(SUPPLIED MATERIAL):
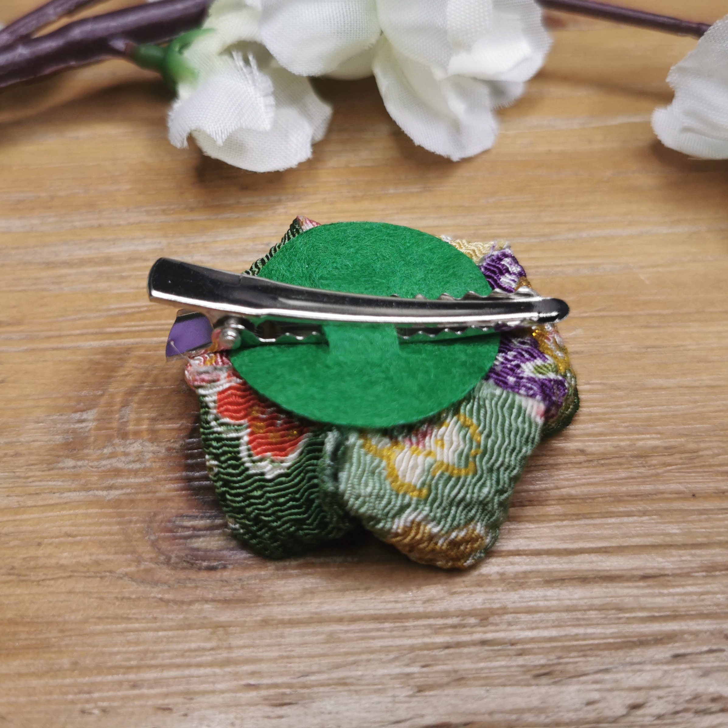 Pince à cheveux fleur en tissu chirimen en forme de fleur de cerisier (sakura) de couleur verte à motifs avec des dorures.
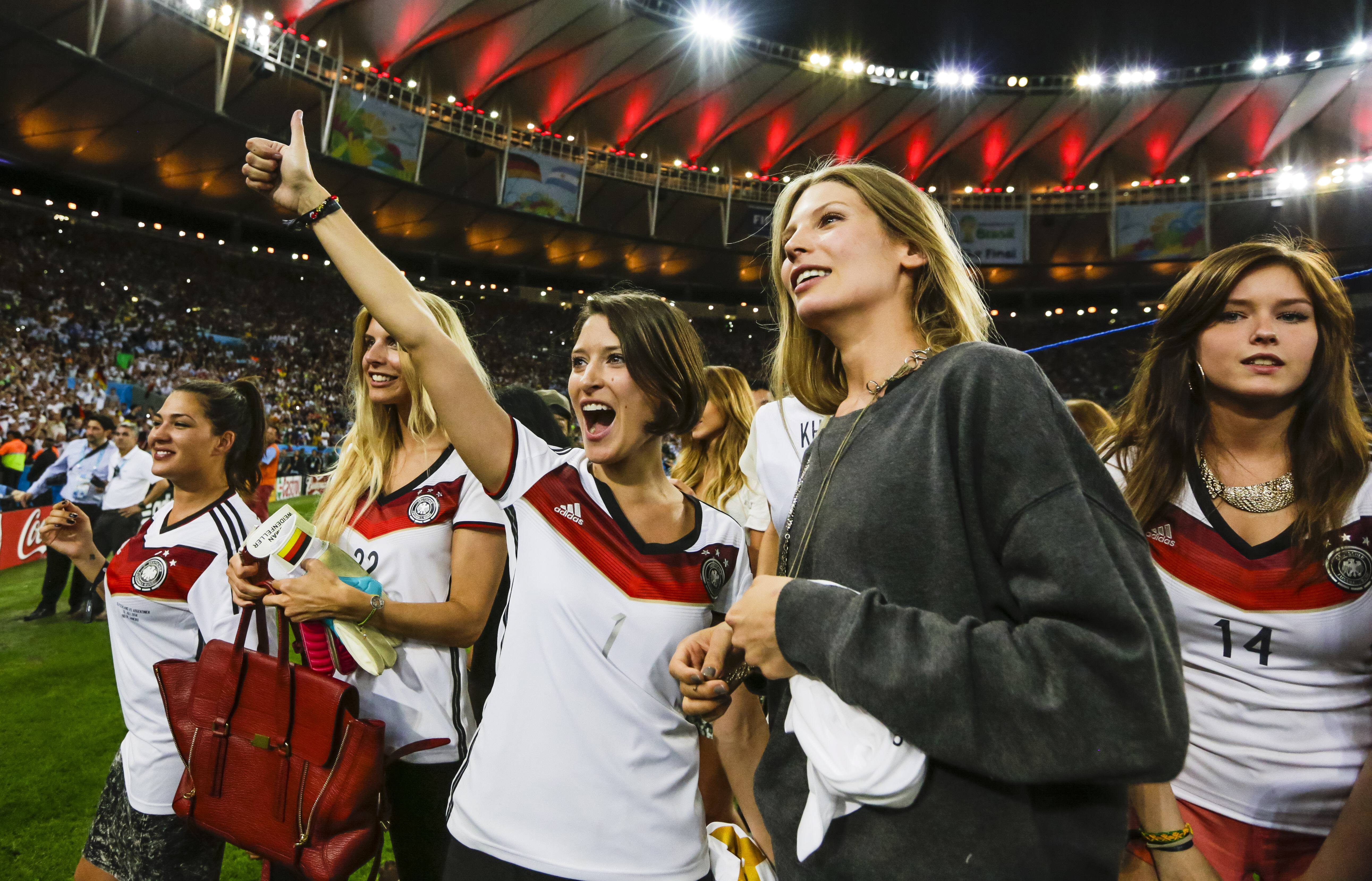 Aquí os mostramos a las Wags, Wife and girlfriends (mujeres y novias) de los futbolistas alemanes, que celebraron sobre el césped de Maracaná el triunfo en el Mundial de Brasil.
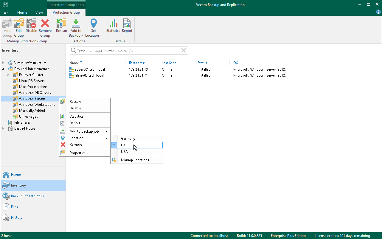 Veeam Backup & Replicationで設定されている保護グループに場所を割り当てることができます。場所を割り当てるには、次の手順を実行します。
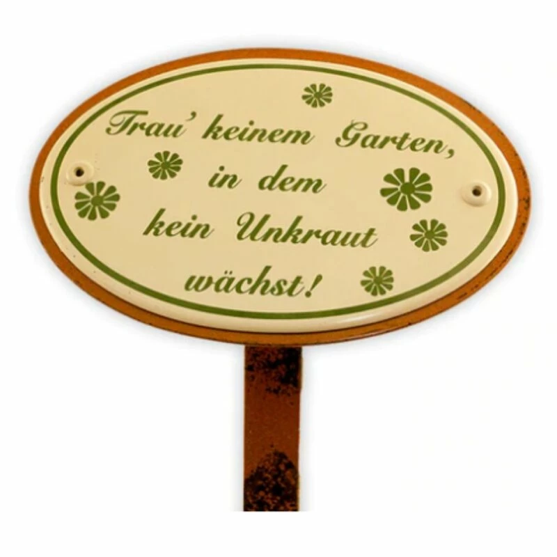 Emailschild oval, 15 x 10 cm, Trau‘ keinem Garten mit Erdspieß
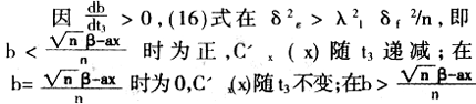 时为负,Cˊx(x)随t3递减。同理求(15)式关于t3的导数,政府援助使b<β-ax时,激励增大,b<β-ax

(EXERCISE OBJECTIVE): Output every entry above verbatim, but leave out the pictures.

(OUTPUT BELOW):
 Pince à cheveux fleur en tissu chirimen en forme de fleur de cerisier (sakura) de couleur verte à motifs avec des dorures.
 Aquí os mostramos a las Wags, Wife and girlfriends (mujeres y novias) de los futbolistas alemanes, que celebraron sobre el césped de Maracaná el triunfo en el Mundial de Brasil.
 Veeam Backup & Replicationで設定されている保護グループに場所を割り当てることができます。場所を割り当てるには、次の手順を実行します。
 Emailschild oval, 15 x 10 cm, Trau‘ keinem Garten mit Erdspieß
 时为负,Cˊx(x)随t3递减。同理求(15)式关于t3的导数,政府援助使b<β-ax时,激励增大,b<β-ax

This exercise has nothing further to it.